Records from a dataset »
________________________________________
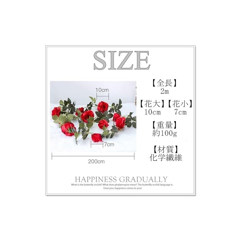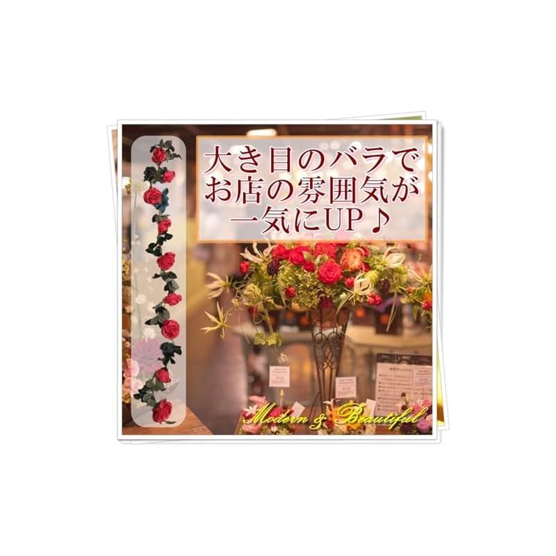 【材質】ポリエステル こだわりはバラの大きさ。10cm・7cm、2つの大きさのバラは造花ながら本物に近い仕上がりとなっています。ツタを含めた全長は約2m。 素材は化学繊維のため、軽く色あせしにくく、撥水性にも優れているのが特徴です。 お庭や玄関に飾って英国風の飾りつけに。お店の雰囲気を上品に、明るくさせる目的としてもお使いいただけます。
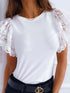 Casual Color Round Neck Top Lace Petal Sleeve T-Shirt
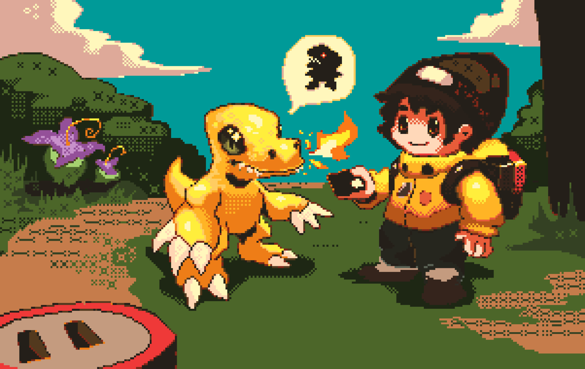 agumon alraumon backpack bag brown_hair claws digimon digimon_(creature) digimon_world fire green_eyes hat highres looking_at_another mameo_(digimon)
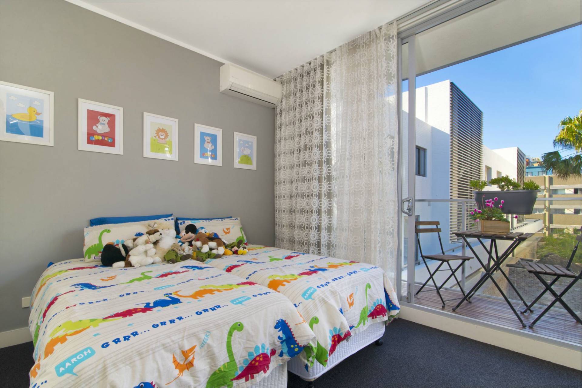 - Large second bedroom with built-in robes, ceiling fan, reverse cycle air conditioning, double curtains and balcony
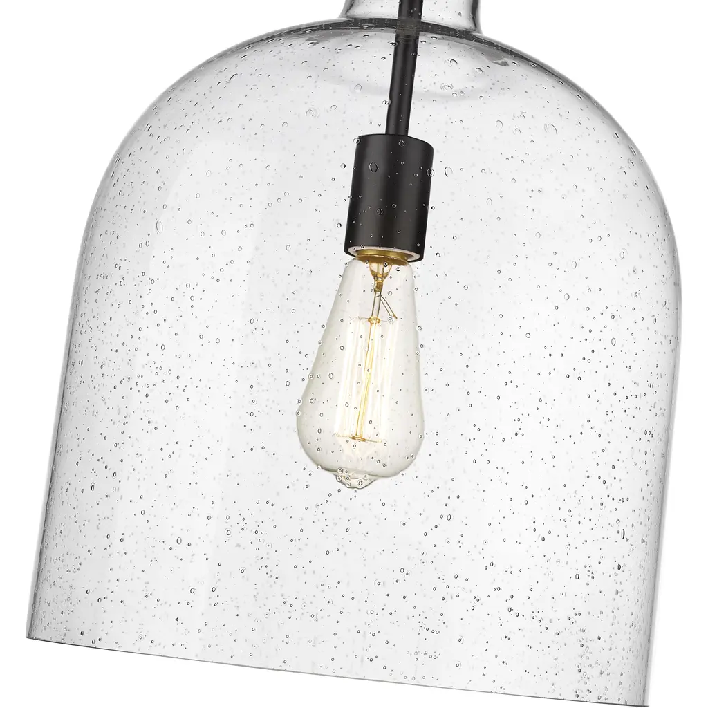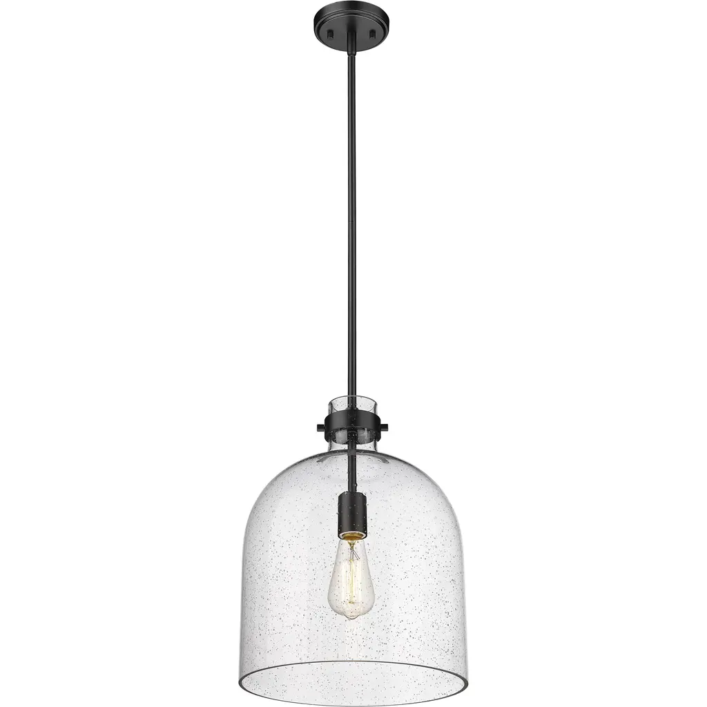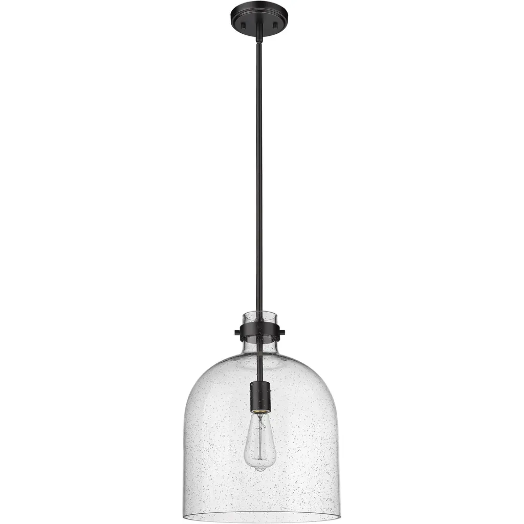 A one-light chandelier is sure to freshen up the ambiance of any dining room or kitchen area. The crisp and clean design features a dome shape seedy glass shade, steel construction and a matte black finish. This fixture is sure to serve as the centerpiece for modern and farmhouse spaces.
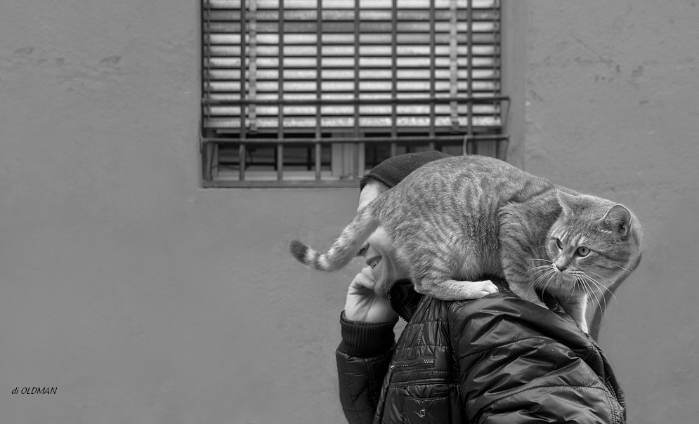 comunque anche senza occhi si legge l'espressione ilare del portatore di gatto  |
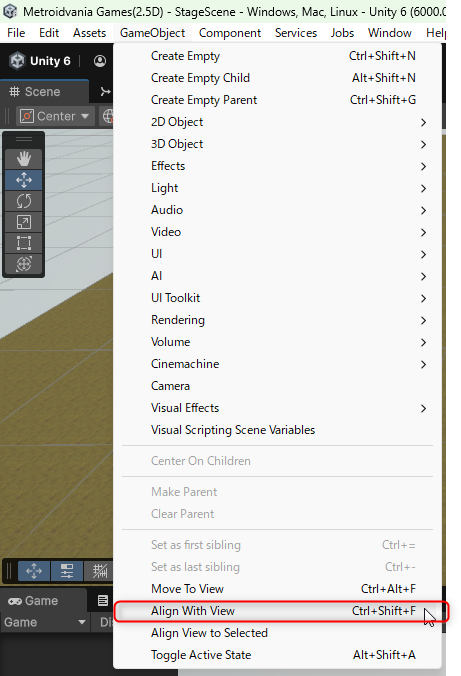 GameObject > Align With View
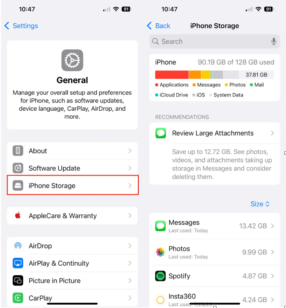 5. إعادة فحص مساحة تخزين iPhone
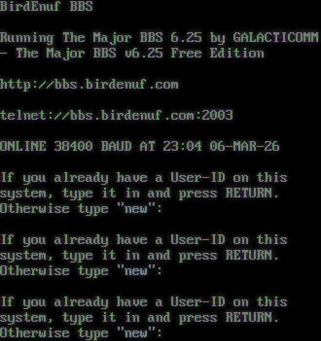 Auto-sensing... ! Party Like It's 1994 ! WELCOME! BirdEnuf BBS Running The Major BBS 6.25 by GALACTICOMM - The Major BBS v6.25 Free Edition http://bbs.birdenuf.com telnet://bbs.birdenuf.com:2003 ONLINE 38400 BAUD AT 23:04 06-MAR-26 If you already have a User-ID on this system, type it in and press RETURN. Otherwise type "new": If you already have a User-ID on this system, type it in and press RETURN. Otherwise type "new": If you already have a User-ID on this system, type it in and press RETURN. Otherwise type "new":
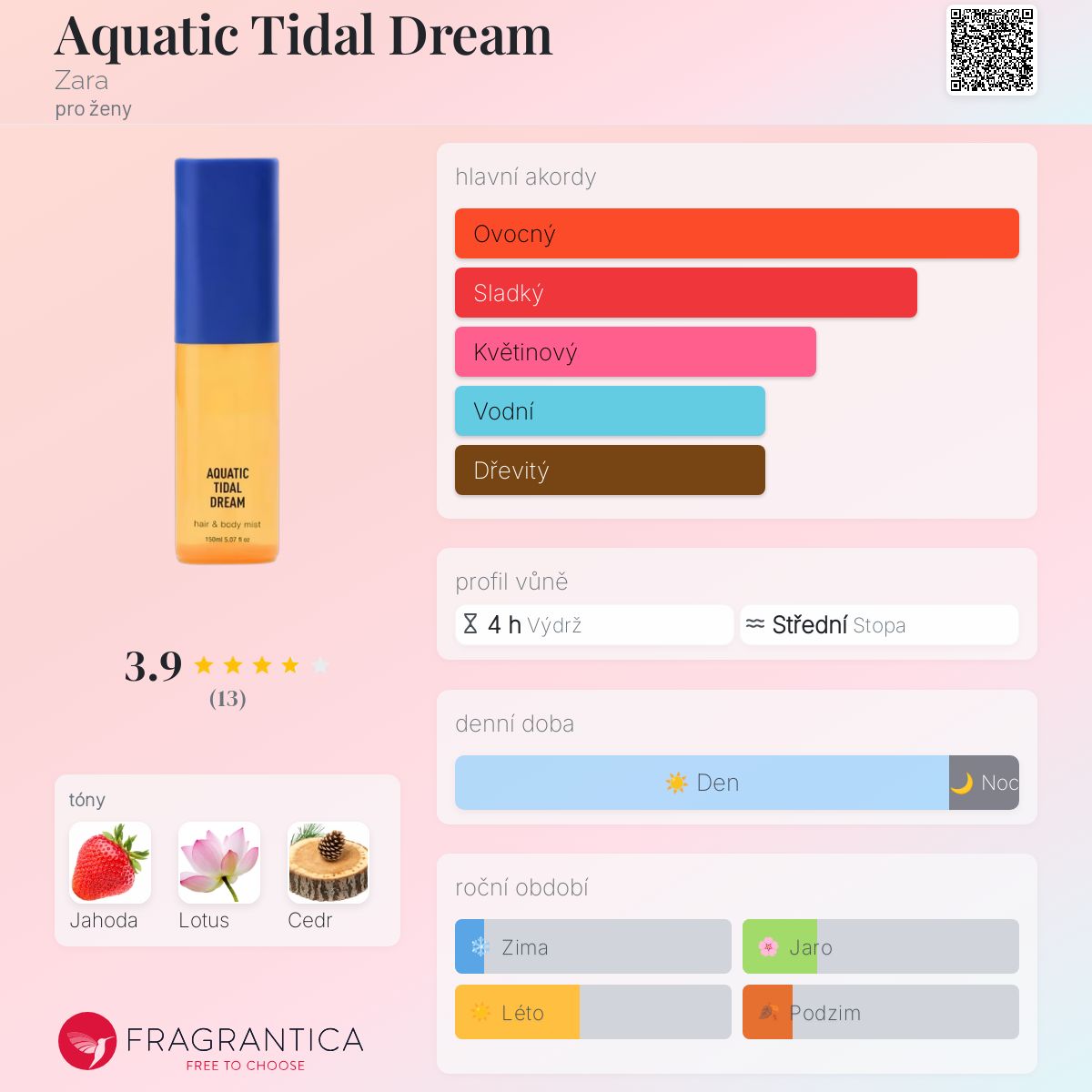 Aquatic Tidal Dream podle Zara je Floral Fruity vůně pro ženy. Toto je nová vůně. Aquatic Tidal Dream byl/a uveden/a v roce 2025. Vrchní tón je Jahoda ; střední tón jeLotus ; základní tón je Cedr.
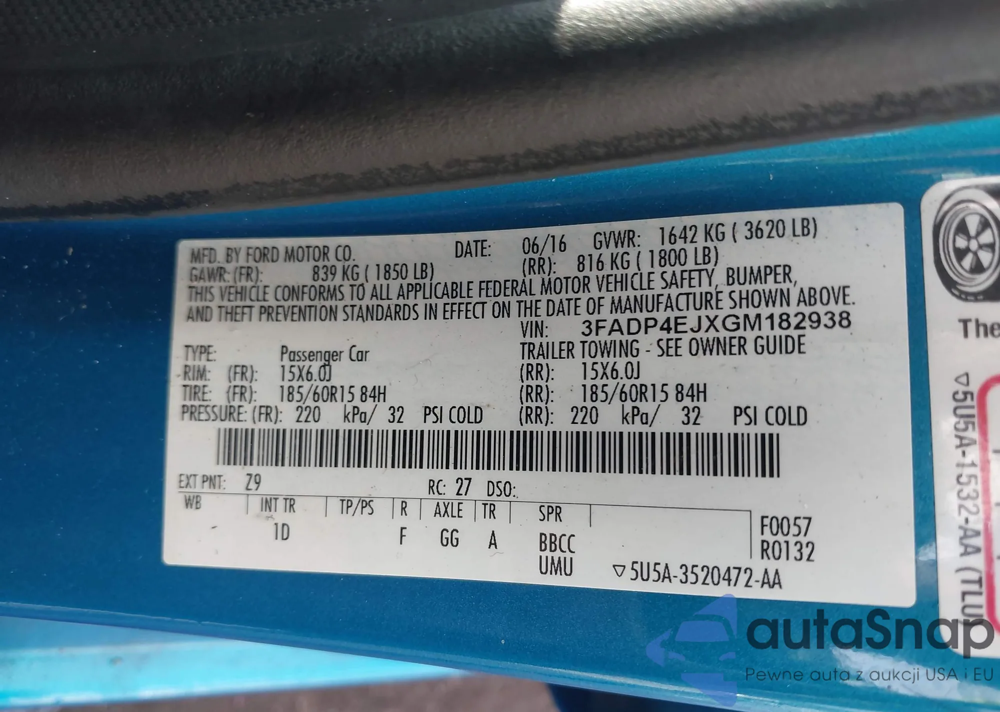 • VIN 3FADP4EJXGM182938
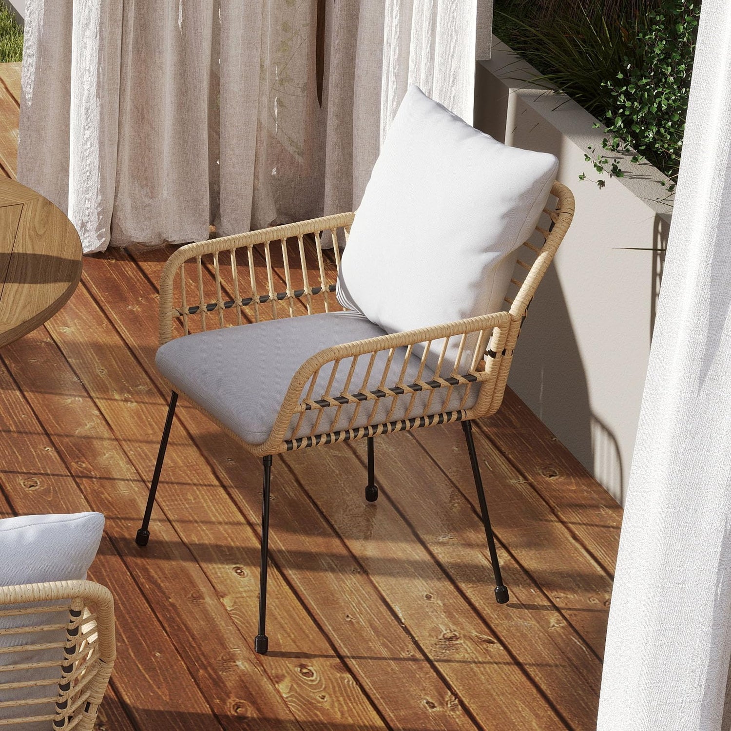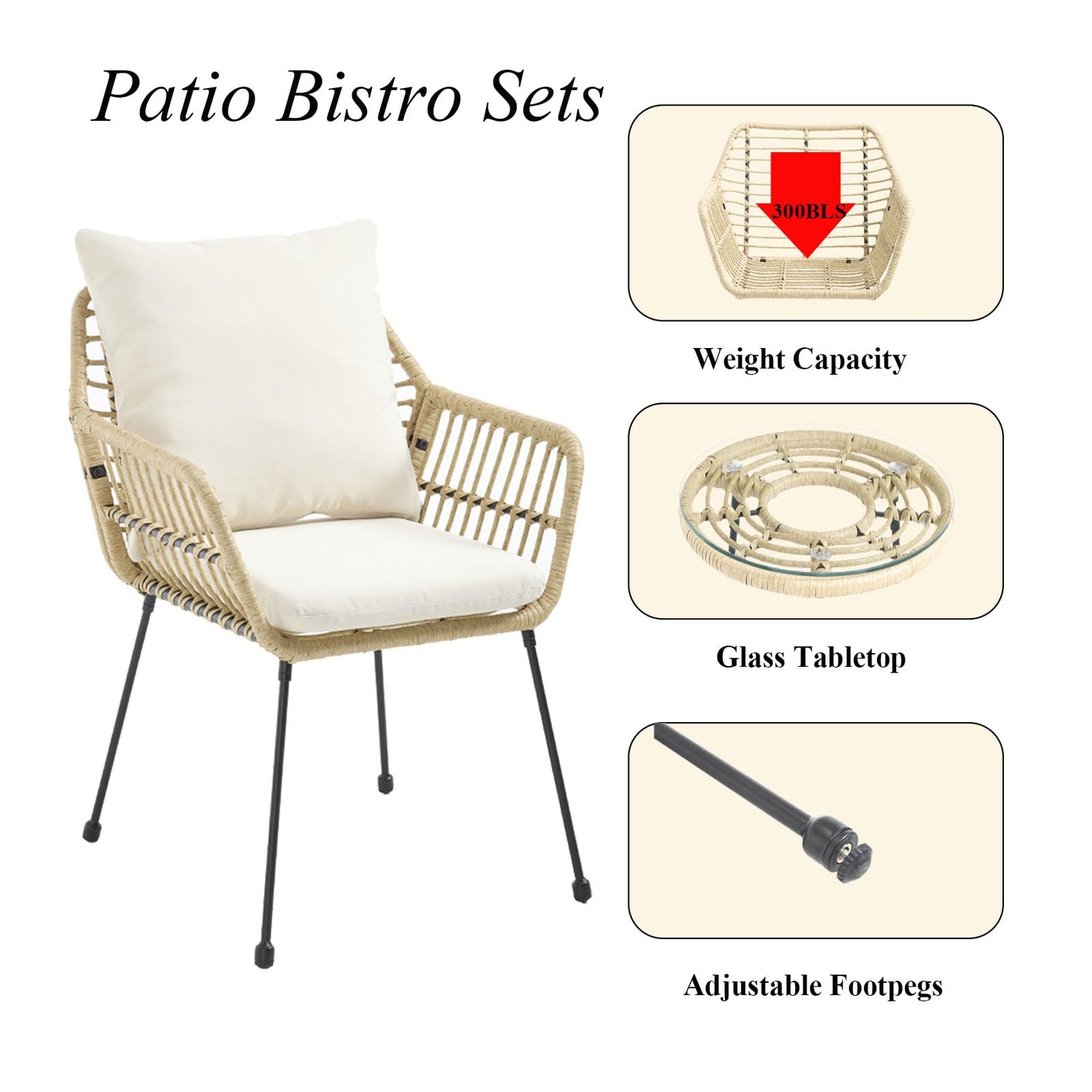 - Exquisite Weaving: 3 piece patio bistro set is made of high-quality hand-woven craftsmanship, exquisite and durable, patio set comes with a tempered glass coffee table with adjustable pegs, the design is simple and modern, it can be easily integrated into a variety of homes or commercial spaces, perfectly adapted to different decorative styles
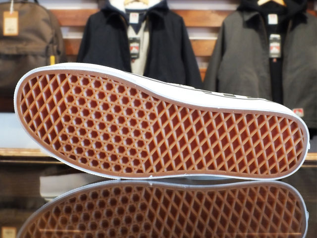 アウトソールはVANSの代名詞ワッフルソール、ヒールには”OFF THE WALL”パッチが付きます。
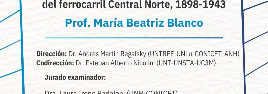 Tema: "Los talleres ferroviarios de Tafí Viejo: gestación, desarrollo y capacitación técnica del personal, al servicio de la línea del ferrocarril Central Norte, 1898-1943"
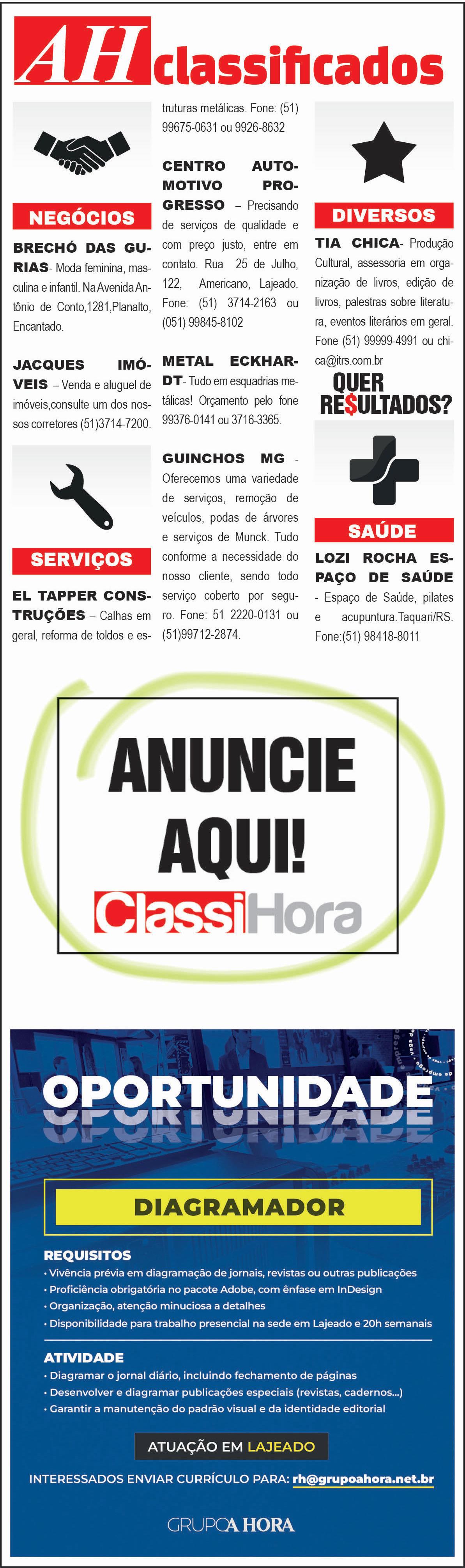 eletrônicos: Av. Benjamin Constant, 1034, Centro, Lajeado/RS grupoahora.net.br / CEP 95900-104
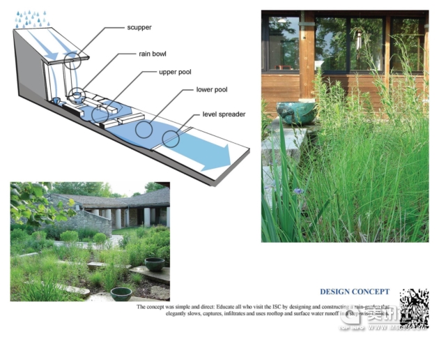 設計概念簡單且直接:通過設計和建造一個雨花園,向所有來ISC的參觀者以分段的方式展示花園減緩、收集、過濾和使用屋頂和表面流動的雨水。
________________________________________
Aim of the exercise » Output exactly the lines above that lie between the line with "agumon alraumon backpack" and the line with "- Large second", those two lines included, and no pictures.

Finished task »
 agumon alraumon backpack bag brown_hair claws digimon digimon_(creature) digimon_world fire green_eyes hat highres looking_at_another mameo_(digimon)
 - Large second bedroom with built-in robes, ceiling fan, reverse cycle air conditioning, double curtains and balcony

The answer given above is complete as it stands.